В этот момент во двор заехал мотоцикл с двумя пьяными немцами и офицером. Мы, дети, забились под лавку, бабуля закрыла нас. А дядька Петро уже орал: «Партизанка, партизанка!».  И обращаясь к немцам: «Я отведу ее в комендатуру». Но немецкий офицер был пьян и что-то резко сказал по-немецки: «Цушиесен!»**, и показал рукой на стог, стоящий вдалеке.
С мотоцикла соскочили немцы в касках. Они смеялись и кричали: «Шнель,шнель!***».  Тут завопил Петро, поняв, что будет дальше: «Да зачем же сразу расстрелять? Давайте дознаемся сначала».
Но было поздно. Немецкие солдаты поволокли маму за дом к стогу сена, который стоял вдалеке. Я все это видел из окна хаты.
Я не понимал немецких слов, но понял, что сейчас произойдет что-то страшное. До сих пор в памяти стоят ярко красные капли крови на сорочке-вышиванке у мамы и блестящие лаковые сапоги у офицера – немца».
Отец снова глубоко затянулся сигаретой и замолчал. Я заглянула ему в глаза, они были темными, как омут, и в них затаилась слеза. Прошли секунды, но мне показалось вечность. Голос стал еще тише. Отец был не с нами, он вернулся в осень сорок первого года.
«Дом стоял на окраине. Светило яркое солнце, испепеляла жара, в садах созрели яблоки, груши, абрикосы, стоял томный аромат спелых фруктов и звенящая тишина. От жары все живое притаилось. За домом, чуть поодаль, стояло два стога сена. Мы, дети, выскочили из дома, спрятались за ближний стог, а глазами следили за немцами.

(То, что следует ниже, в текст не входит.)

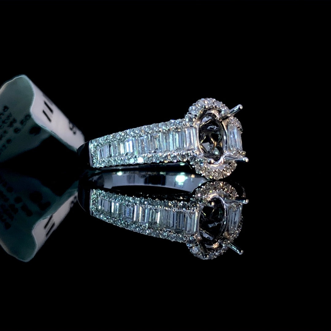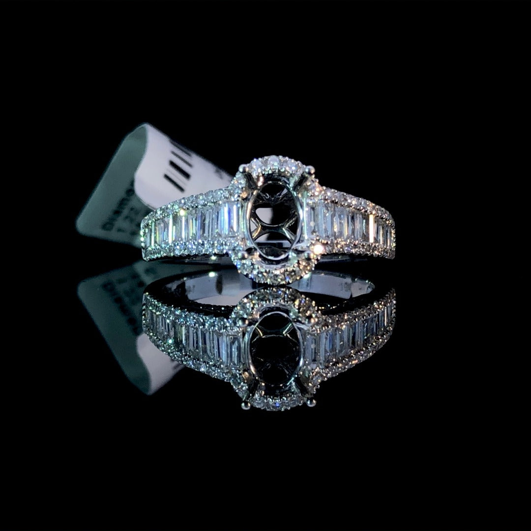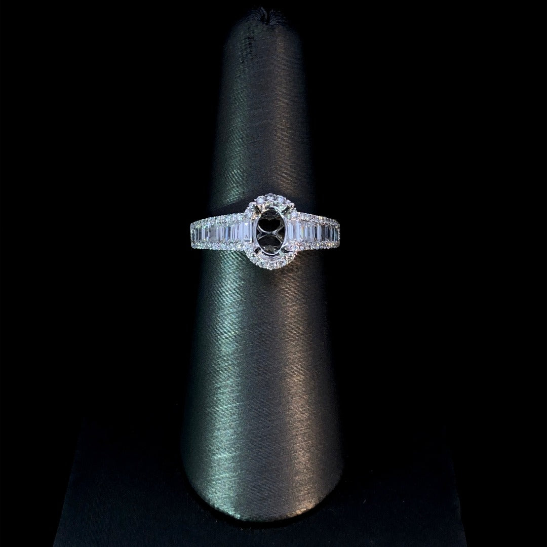 Elevate your style with this stunning semi mount. Crafted in 14kt white gold, this piece features a dazzling oval halo of round diamonds, surrounded by a band of baguette diamonds and accented with even more round diamonds. With a total diamond weight of 1.22ctw, choose your own center stone to make it a truly unique and luxurious addition to your collection. Price is for the semi mount only. Center stone will be added at an additional cost. This ring is a size 6.5. If that size is not a perfect fit, first time sizing is free at the time of purchase.

Офицер что-то громко крикнул, щелкнули затворы. И в этот момент мама крикнула: «Фашисты», - последовал удар в лицо прикладом автомата. Яркий цветастый платок сбился и по плечам рассыпались волнами, роскошные смоляные волосы, карие раскосые глаза, как два уголька светились на бархатной коже лица. Мама была так молода и красива, и немецкий офицер невольно залюбовался ею. И даже пьяные солдаты замерли на мгновение. Офицер подошел и рванул сорочку и обнажилась девичья грудь. И загорелись, плотоядным огнем страсти, глаза фашистов.
________
*Сорочка-вышиванка - это льняная сорочка, вышитая вручную яркими узорами. Сорочка-вышиванка, является элементом национальной украинской одежды. Немецкий: **цушиесен – расстрелять, ***шнель-быстро.
________
Полицай Петро вскрикнул: «Нет!».
 Офицер резко повернулся и выстрелил в него. Петро упал, широко раскинув руки, в траву.
Нас, детей, парализовал страх, и мы не заметили, как маленькая Галя, замотанная в тонкий платок, перевязанный под мышками, отошла от стога и уже пошла по полю, собирая цветочки, в руке у нее были васильки. Она медленно шла босая по траве, широко расставляя свои маленькие ножки, и напоминала маленькую бабульку.
Коля закричал: «Галю, Галю…». Но она не слышала, продолжая потихонечку идти по полю, держала своими ручонками тоненькие стебельки ярко-голубых васильков.
А в это время офицер сбил с ног маму. А второй молодой фашист увидел маленькую Галю, которая шла прямо к стогу, где лежала мама. Немцы отпивали что-то из бутылки. Молодой фашист, покачиваясь, не ровной походкой пошел в сторону малышки.
 И мама из последних сил крикнула: «Галю,бижи,донечко,бижи…»*
Мы были пригвождены всем происходящим. Но крик мамы вывел нас из оцепенения. Коля выскочил и побежал за Галей, за ним побежал Шурка, брат обернулся, схватил Шурку за руку, и потащил за собой. Немец догонял Галю. Но детские ноги быстрые. Коля подхватил на руки сестренку, в другой руке рука Шурки и они бежали так быстро, как только могли, их гнал страх…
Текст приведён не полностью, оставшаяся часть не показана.